First, make sure you understand the difference between recommendations and endorsements.
- Free advertising for your job search.
- A boost to your credibility.
- Evidence that you’re worth hiring.
The claims you make about yourself in your LinkedIn profile are greeted with understandable skepticism by prospective employers. Why should they believe you? Recommendations from others carry more weight.
Here’s how to make use of this powerful self-marketing tool.
Ask for recommendations – from the right people. The most valuable recommendations will be from your direct supervisors, as well as senior executives and clients/customers. (Sometimes these may be hard to obtain or inappropriate to ask for, depending on your circumstances. Use good judgment.) Once you have some from these types of VIPs, you can also include some from current and past teammates and past direct reports.
Here’s how, straight from LinkedIn Help:
- Move your cursor over Profile at the top of your homepage and select Edit Profile.
- Scroll down to the Recommendations box and click the Edit icon on the right.
- Click Ask to be recommended, which appears on the right side of the page.
- Select a position from the “What do you want to be recommended for?” dropdown list.
- If a position or school isn’t listed, you can click the job or school to add it to your profile and the dropdown list.
- Select relevant connections in the “Who do you want to ask?” section, either by entering names of connections into the text field or clicking the address book icon to search for connections.
- In your address book’s Choose Connections section, check the boxes next to the names you want to add and then click Finished.
- When you request a recommendation from multiple people in one message, each recipient will receive a separate message.
- Enter your request in the Create your message section by using the message provided or personalizing your note.
- Click Send.
Give recommendations to members of your network. This looks good for them and for you. It also may prompt them to recommend you in return. After selecting “Recommendations” from the Profile menu, scroll down to the “Make a recommendation” section.
Coach your recommender. You want the blurb to be targeted to your current career goals, so suggest relevant accomplishments or skills you’d like them to focus on. Offer to draft something for them (and proofread it carefully, as they may use it verbatim). If you’re working with a career coach, they can assist with the writing.
Accept your received recommendations appreciatively, but examine them critically. Typos or grammar errors make both the recommender and you look bad. If necessary, make use of the option to “Request a new or revised recommendation” and send a corrected paragraph they can use. (Tip: Don’t put the revised paragraph in quotes; people will often paste the quotes in along with the text, which looks odd.)
Show your appreciation. Give a recommendation in return if appropriate, or send a thank-you note.
Use your recommendations elsewhere. Brief excerpts in your resume or cover letter can be quite powerful.
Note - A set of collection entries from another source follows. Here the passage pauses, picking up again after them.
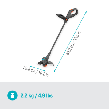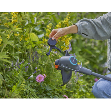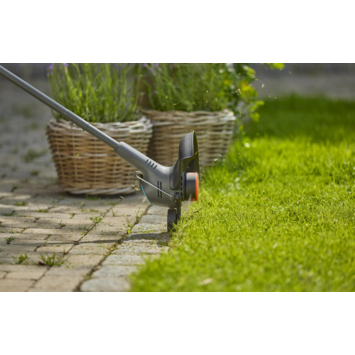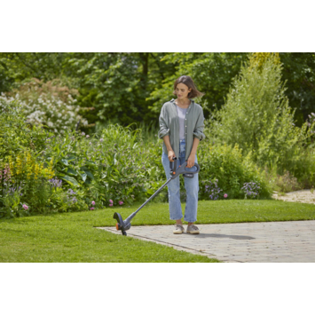 Lichtgewicht, slank en klaar om je gazon netjes af te werken, maak kennis met de GARDENA EasyTrim 25 18V 2in1 accu tuintrimmer. Deze trimmer maakt gebruik van een 18V POWER FOR ALL accu (apart verkrijgbaar), en ondanks het gewicht van slechts 1,7 kg (2,1 kg met accu) heeft deze handtrimmer serieuze snoeikracht met een snijboog van 25 cm en een automatische invoerlijn van 1,6 mm. Lichtgewicht voor snel en eenvoudig transport Lichtgewicht en wendbaar, dit snoerloze gereedschap is gemakkelijk en comfortabel te dragen door zelfs grote tuinen. Ondanks zijn lichte gewicht heeft het toch genoeg trimkracht om gazons van alle soorten en maten aan te pakken, terwijl de verstelbare plantenbescherming je bloemen, bomen en struiken veilig houdt. 2in1 met eenvoudig schakelen tussen trim- en kantmodus Of je nu op zoek bent naar een trimmer voor struiken, heesters, heggen of gras, met de GARDENA EasyTrim is de verzorging van je tuin snel en eenvoudig. Met een simpele druk op de knop en een draaibeweging zet je hem om van de trim- naar de kantmodus. De handgreep met groot bereik maakt het gemakkelijk om bij lastige hoekjes en gaatjes te komen, terwijl het lichte gewicht ervoor zorgt dat het nooit inspannend wordt. En met de trekkerbediende automatische eenlijns-toevoer wordt het trimmen nooit onderbroken door gebroken lijnen. Kantenwiel voor elke keer een rechte lijn Een mooie snoeibeurt kan worden ondermijnd door ongelijke randen. Gelukkig heeft de GARDENA EasyTrim een kantwiel dat over de grond gerold kan worden voor een nette en gelijkmatige rand. Bovendien kan het randwiel ook langs schuttingen en muren worden gerold om de lijn te beschermen tegen breuk. Ergonomisch ontwerp voor trimmen op jouw manier Zeg maar dag tegen de pijntjes en kwaaltjes die het trimmen in de tuin vaak met zich meebrengt. De EasyTrim is niet alleen licht en gemakkelijk te hanteren. Hij heeft ook een ergonomisch ontwerp voor optimaal comfort en controle. De verstelbare handgreep zorgt voor maximaal comfort en vermindert overbelasting van de pols. Deel van de P4A ALLIANCE De EasyTrim wordt aangedreven door een 18V oplaadbare POWER FOR ALL accu. Als onderdeel van de P4A ALLIANCE gebruikt deze elektrische tuintrimmer dezelfde 18V accu als een van de meer dan 100 apparaten van 11 merken die deel uitmaken van dezelfde alliantie. Omdat deze volledig uitwisselbaar zijn, kun je een accu van een ander apparaat aansluiten terwijl je EasyTrim accu oplaadt. POWER FOR ALL accu en oplader worden apart verkocht. GARDENA biedt 3 jaar garantie na registratie op gardena.com/registration binnen 3 maanden na aankoop. Batterijen en opladers (indien verkocht met het product) zijn uitgesloten. Garantievoorwaarden op gardena.com/garantie.
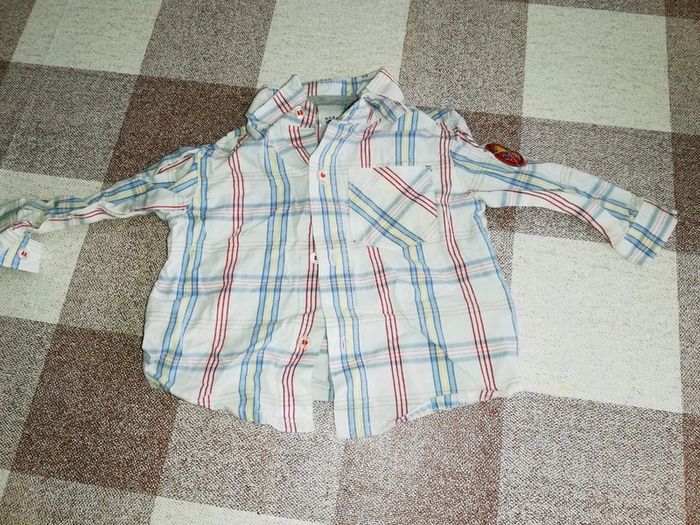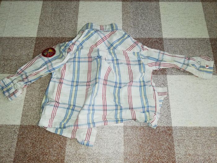 Chemise 6 mois manches longues à carreaux blanc/bleu Baby club C&A - photo numéro 1
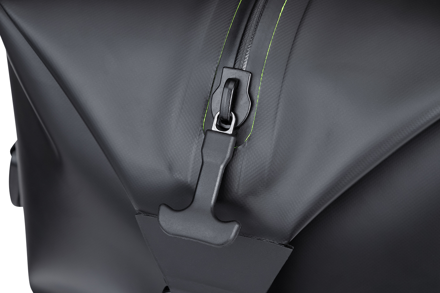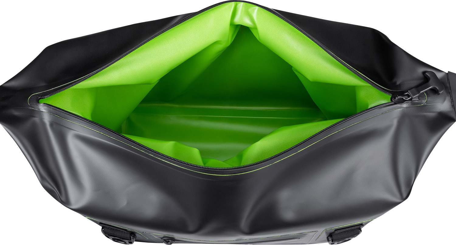 Insulated waterproof interior , Semi-rigid bottom , Custom 840D Nylon TPU laminate, Adjustable shoulder strap doubles as an under seat tie down strap , Front and back pockets , Welded seams , 4 Heavy-duty D rings , Adjustable loops for quick mounting , YKK zippers with T-handle pulls, Reflective Ciro logo , Holds 32 12 oz. Cans (EU: 354,88 ml), Universal fit, recommended for luggage rack or passenger seat
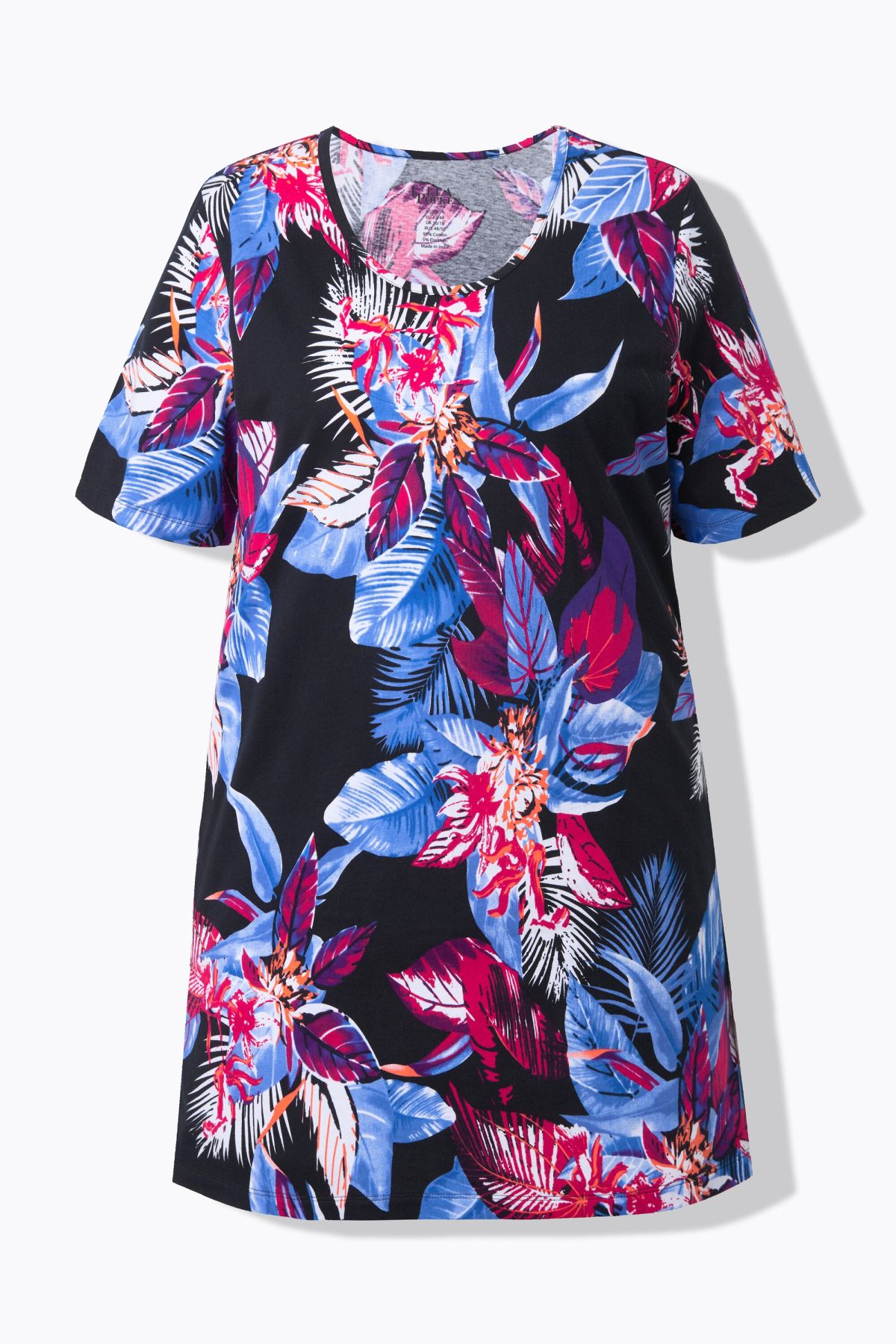 T-shirt long dans un imprimé à fleurs, décolleté rond et manches courtes, coupe évasée

Collect a good number of recommendations. What’s a good number? I’ve heard everything from “several” to “10% of your total contacts,” and the optimal number is different for everyone. Use your own judgment. You can’t necessarily go by what your connections do; most people are making plenty of mistakes in this and many other aspects of LinkedIn!
Don’t rest on your laurels. If all your recommendations are from many years ago, considering obtaining some new ones.
Without recommendations, you’re expecting readers of your profile to “take your word for it” that you have the skills and experience you claim. Instead, build credibility by having others vouch for you!